How is Crohn's Disease Treated?

There is no known cure for Crohn's Disease. The route of treatment varies from one patient to another depending upon the location, extent, and severity of the disease. The goal of treatment is to suppress the inflammatory response, allowing the intestine to heal and also to decrease symptoms. Once symptoms are under control the next goal is to decrease the frequency of flare-ups and increase periods of remission, thus improving the quality of life.

Crohn's Disease can be treated with several different types of medication. Classes of medication for treatment include Aminosalicylates (5-ASA compounds), Corticosteroids, Immuno-Modulators, Antibiotics, and Biologic Therapies.

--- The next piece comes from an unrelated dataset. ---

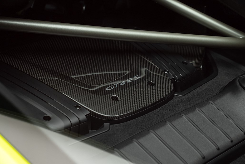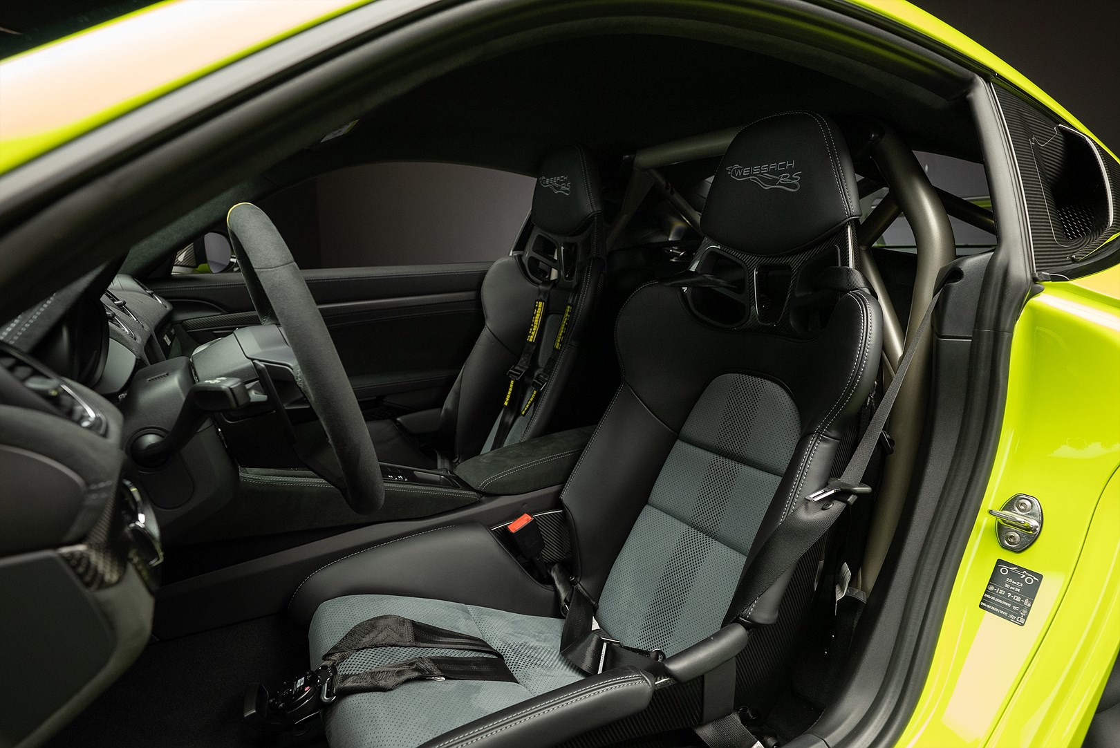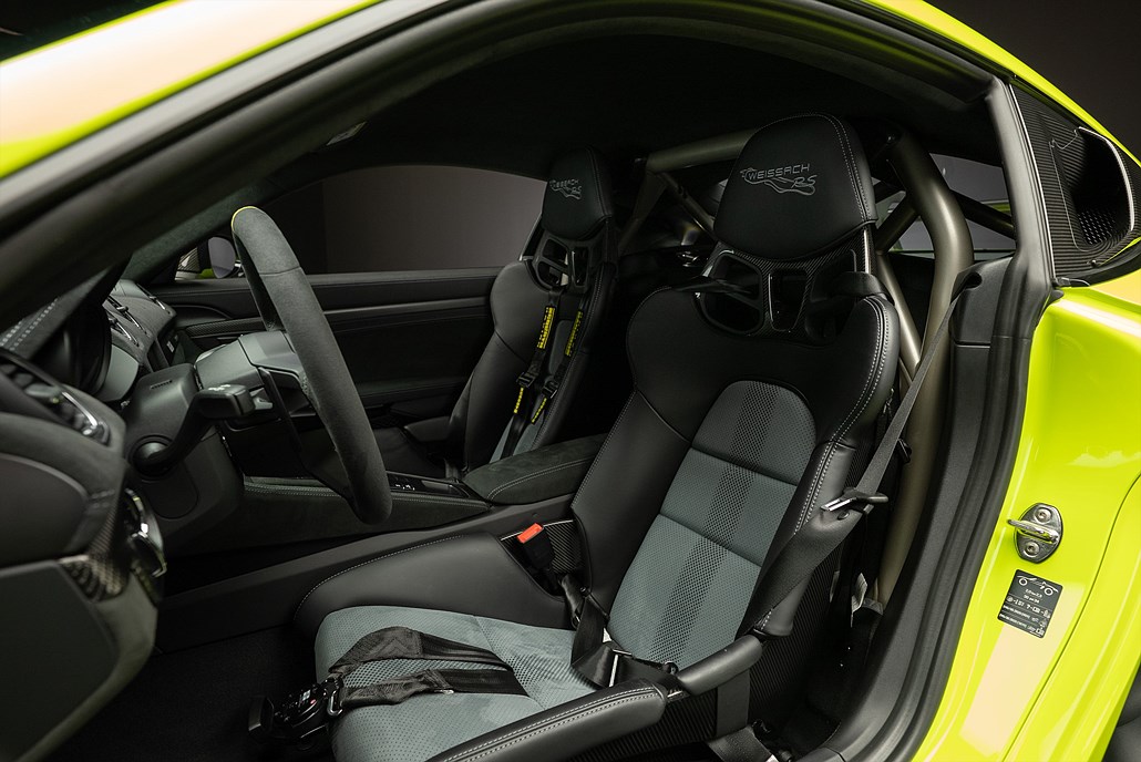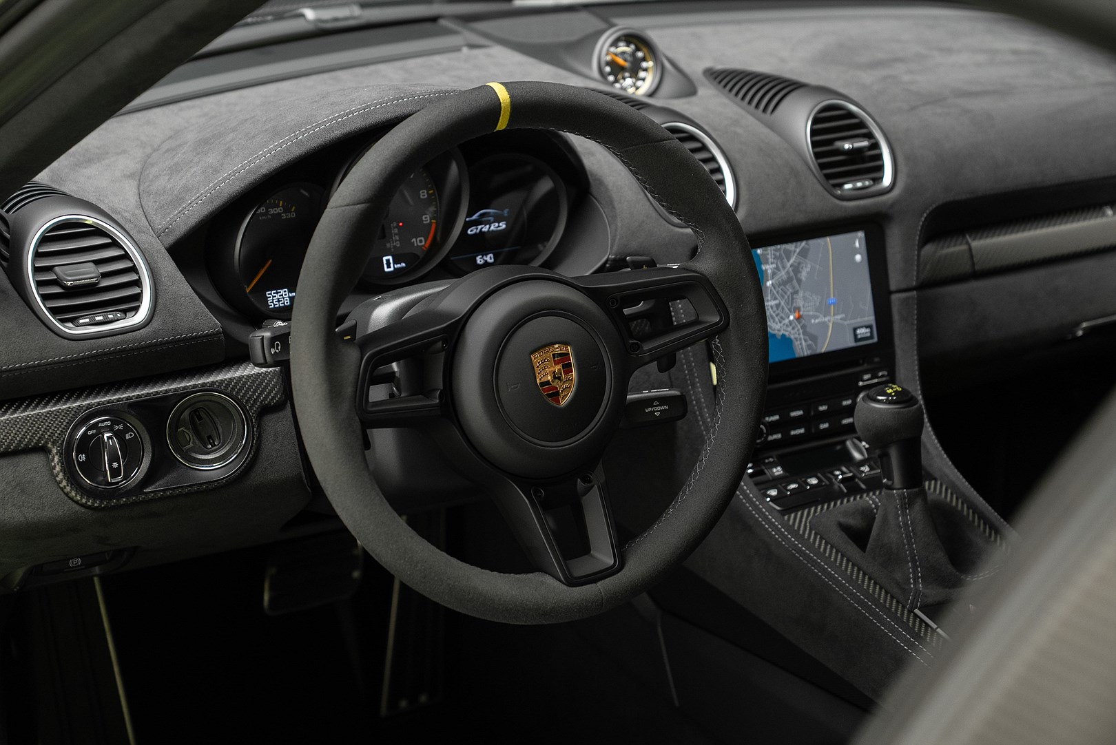 Porsche 718 Cayman GT4 RS lackerad i pts-färgen Acid Green med läderinteriör weissach black/artic grey med utökat läder samt race-tex. Bilen är extrautrustad för 408.100 kr.

-Aminosalicylates: 5-ASA Compounds are anti-inflammatory drugs including Asacol, Pentasa, Colazal, Rowasa Enemas, and Canasa Enemas. These medications reduce inflammation in the affected areas and are generally used to treat mild to moderate symptoms. Rare side effects include lung and kidney inflammation and therefore should be used with caution in patients who have known kidney disease. Patients that are allergic to aspirin should also avoid 5-ASA Compounds, as they are chemically similar to one another.

-Corticosteroids: These drugs include prednisone, prednisolone, and hydrocortisone and are generally used to treat moderate to severe symptoms, and also to treat patients where 5-ASA drugs have not been effective. Corticosteroids, unlike 5-ASA drugs, do not require direct contact with inflammation. Corticosteroids stimulate an anti-inflammatory reaction throughout the body, including the areas of the intestine that are affected by inflammatory bowel disease. Although Corticosteroids are faster acting than 5-ASA Compounds they are not effective in maintaining remission or preventing flare-ups from occurring. Side effects depend on the dosage administered and the duration that the patient is on the medication. Common side effects include water retention (mainly in the face), increased vulnerability to infections, high blood pressure, cataracts, glaucoma, muscle weakness, depression, personality changes, mood swings, and osteoporosis (thinning of the bones).

Immuno-Modulators: Azathioprine, 6-MP (6-Mercaptopurine), also known as Purinethol, and Methotrexate are used to maintain remission. They are also used when Corticosteroids are not working in a patient with moderate to severe Crohn's Disease. These drugs reduce inflammation by reducing immune cells and by obstructing the production of their protein cells. Side effects differ with each immuno-modulator. Azathioprine and 6-MP can cause inflammation of the liver (hepatitis), inflammation of the pancreas (pancreatitis), and bone marrow toxicity. Pancreatitis is a less common side effect when using Azathioprine and only occurs in about 3%-5% of all patients.

Antibiotics: The most commonly used antibiotic in inflammatory bowel disease is Flagyl. It is an antibiotic that is used to treat infections caused by parasites and bacteria. It is also effective in treating anal fistulas. Side effects of Flagyl include nausea, loss of appetite, headaches, and a metallic taste. Less common side effects include peripheral neuropathy in which permanent nerve damage causes a tingling sensation in the hands and feet.

Biologic Therapies: A new biologic therapy called Remicade (Infliximab) was introduced by the FDA in 1998. It is used in patients who have moderate to severe inflammatory bowel disease and are not responding to conventional therapies. It is administered through intravenous infusion and is used to maintain remission. Patients are observed throughout their infusion for adverse reactions, which may include nausea, chest pain, and shortness of breath. 

When conventional therapies are not effective a patient has the option of surgery.  Sections of the diseased bowel can be removed to reduce symptoms.  Although surgery may improve the quality of life, it is NOT a cure for Crohn's Disease. 

What is Crohn's Disease?

Crohn's Disease was first discovered and named after Dr. Burrill B. Crohn in 1932. It is a chronic, inflammatory disorder that affects the digestive or gastrointestinal (GI) tract. Crohn's Disease can affect any part of the digestive tract from the mouth to the anus but more commonly affects the small intestine and the colon. It is closely related to another chronic inflammatory condition called Ulcerative Colitis. Together the two make up what is more commonly known as Inflammatory Bowel Disease. They afflict approximately five hundred thousand to two million people in the United States.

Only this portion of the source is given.